781 N.E.2d 735, 2003 Ind. App. LEXIS 31, 2003 WL 125278
CourtIndiana Court of Appeals
DecidedJanuary 16, 2003
Docket37A04-0202-CV-79
StatusPublished
Cited by8 cases

This text of 781 N.E.2d 735 (Rishel v. Estate of Rishel Ex Rel. Gilbert) is published on Counsel Stack Legal Research, covering Indiana Court of Appeals primary law. Counsel Stack provides free access to over 12 million legal documents including statutes, case law, regulations, and constitutions.

Bluebook
Rishel v. Estate of Rishel Ex Rel. Gilbert, 781 N.E.2d 735, 2003 Ind. App. LEXIS 31, 2003 WL 125278 (Ind. Ct. App. 2003).

Opinions

OPINION

SHARPNACK, Judge.

Teresa J. Rishel ("Teresa") appeals the trial court's grant of summary judgment to the Estate of Michael R. Rishel, by its administrator, Alan G. Gilbert, ("Estate") and the trial court's denial of Teresa's motion to correct error. Teresa raises two issues, which we consolidate and restate as whether the trial court erred by determining that she waived her right, as her former husband's designated beneficiary, to the proceeds of his Indiana State Teachers' Retirement Fund account and Fortis Financial Group annuities by having [737]*737agreed to a property settlement agreement that was made a part of a decree of dissolution. The Estate raises one issue on cross appeal, which we restate as whether the trial court erred by denying its request for attorney fees. We affirm in part, reverse in part, and remand.

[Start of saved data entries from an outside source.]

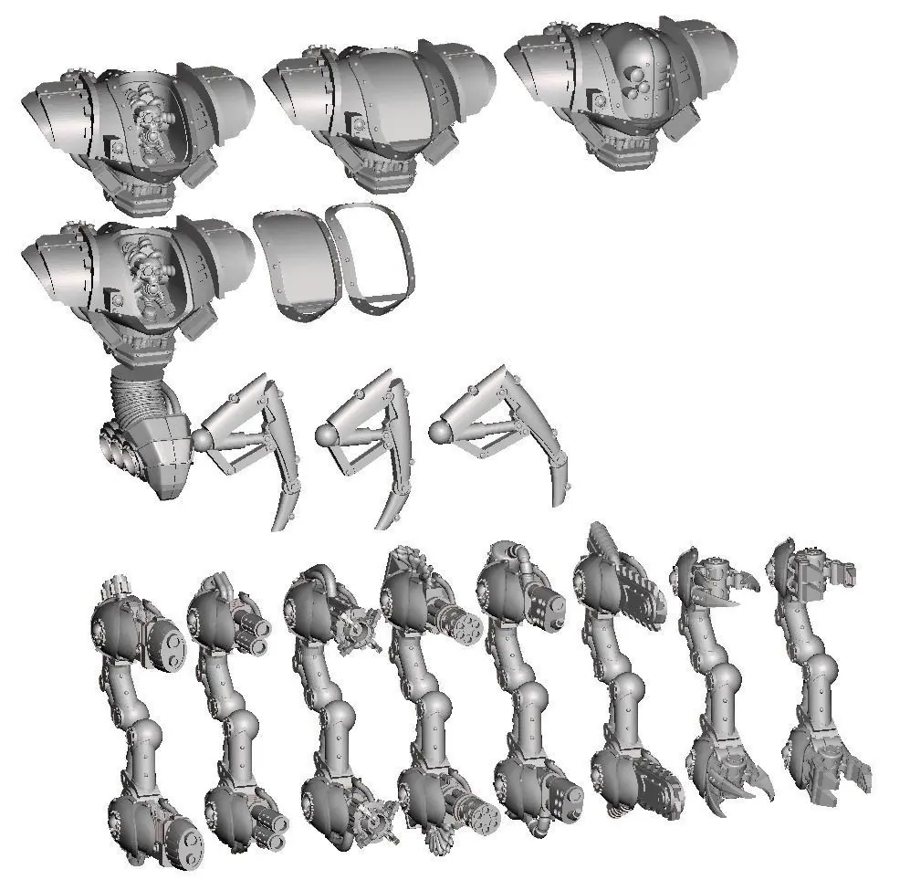 Shoulderpads are not merged with body, if you want to change them.Weapons are not merged with arm if you want to make custom versions or poses.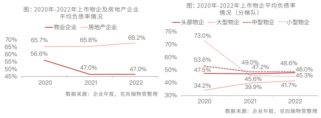 2022年56家上市物企资产负债率整体平稳,与2021年水平基本持平。物企以轻资产业务发展为主,2022年业内收并购趋于谨慎,数字化投入、城市服务业务发展趋于平稳,对企业造成波动的大笔支出有限。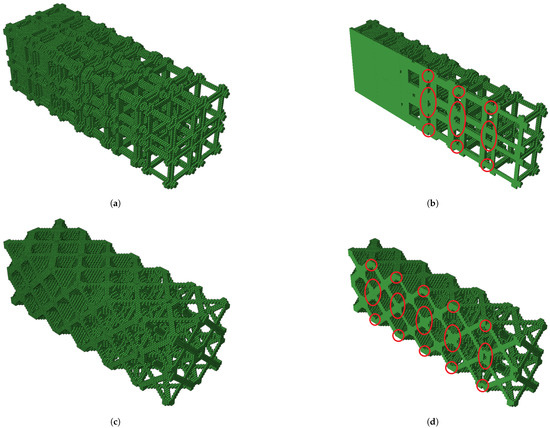 The predicted total Young’s modulus () of the bulk and shear graded structure showed values of 141.24 and 53.13 MPa, respectively. The experimental mean values of compressive Young’s modulus () of graded structures reached values of 151.80 and 37.70 MPa with standard deviation (S) of 10.88 and 3.57 MPa, for the bulk and shear case, respectively. The experimental mean values of compressive Young’s moduli () of graded structures were compared with predicted total Young’s moduli () computed with Equation (2). For the bulk and shear graded structures, the errors were 6.96 and , respectively. The failure modes for both graded structures occurred in the lowest volume fraction RUC and are similar to those observed for corresponding single RUCs. Figure 10f,h shows maximum bulk and shear grade structures, respectively after testing. The failure occurred due to buckling and not deformable cones for the bulk and shear case, respectively. Figure 13a–d show the graded sample tests solid model and the interface between unit cells with different volume fractions, for the maximum bulk and shear case, respectively. In Figure 13b,d, the connection zones between adjacent RUCs show that connectivity is maintained, which enables the kinematic connection through the entire graded structure.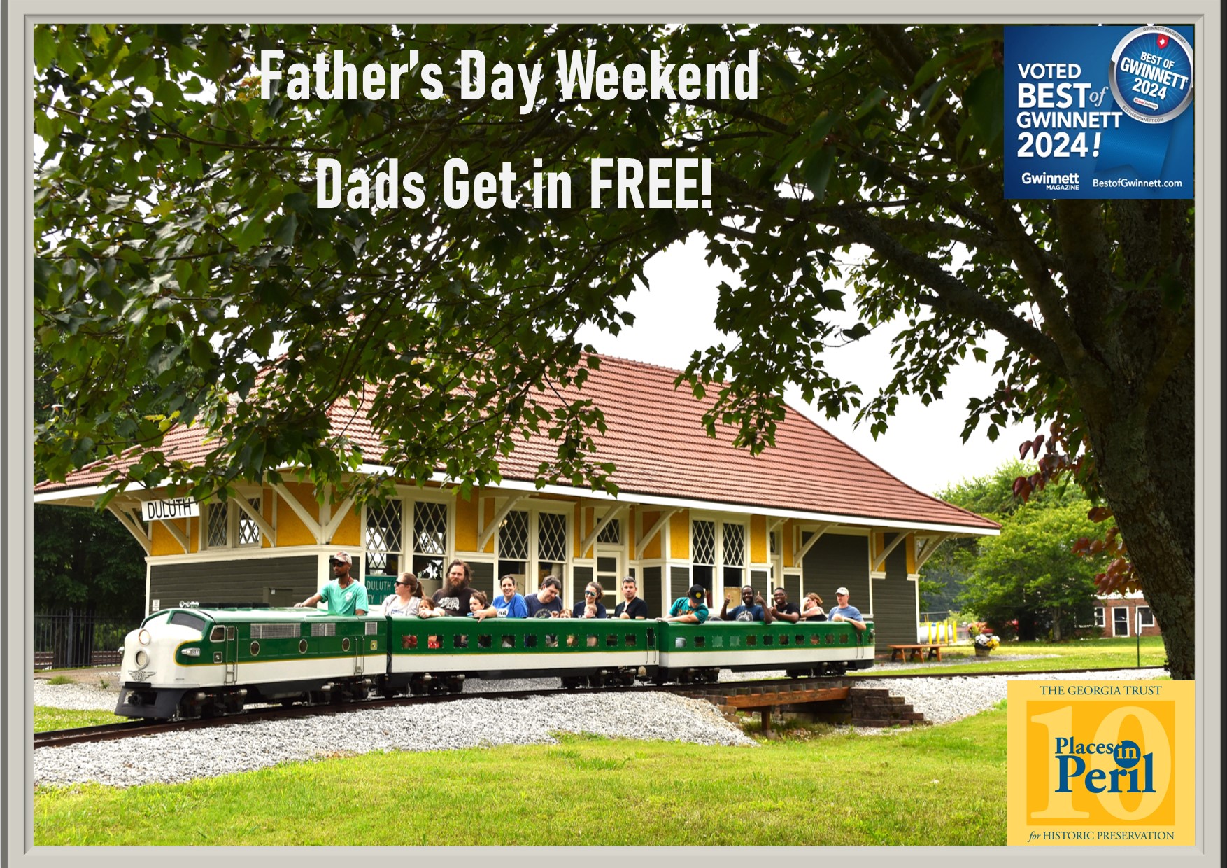 Southeastern Railway Museum 3595 Buford Hwy, Duluth, GA, United StatesThis weekend, dad's get in free with family. Put a smile on good old pop by putting him on a train. Rides, trains, exhibits, picnic tables, nice weather, and pop - at the Museum! More [...]

The facts most favorable to Teresa, the nonmoving party, follow. Michael R. Rish-el ("Michael") and Teresa were married on June 10, 1988. Michael designated Teresa as the beneficiary of his Indiana State Teachers' Retirement Fund account ("retirement account") 1 and his Fortis Financial Group annuities ("Fortis annuities"). The marriage was dissolved on November 23, 1999. The dissolution decree included a property settlement agreement which provided, in pertinent part, that:

6. RETIREMENT PLANS. The retirement plans in which [Michael] is a participant shall be set off to him as his sole and separate property, free of any claim of [Teresal. The retirement plans in which [Teresa] is a participant shall be set off to her as her sole and separate property, free of any claim of [Michael].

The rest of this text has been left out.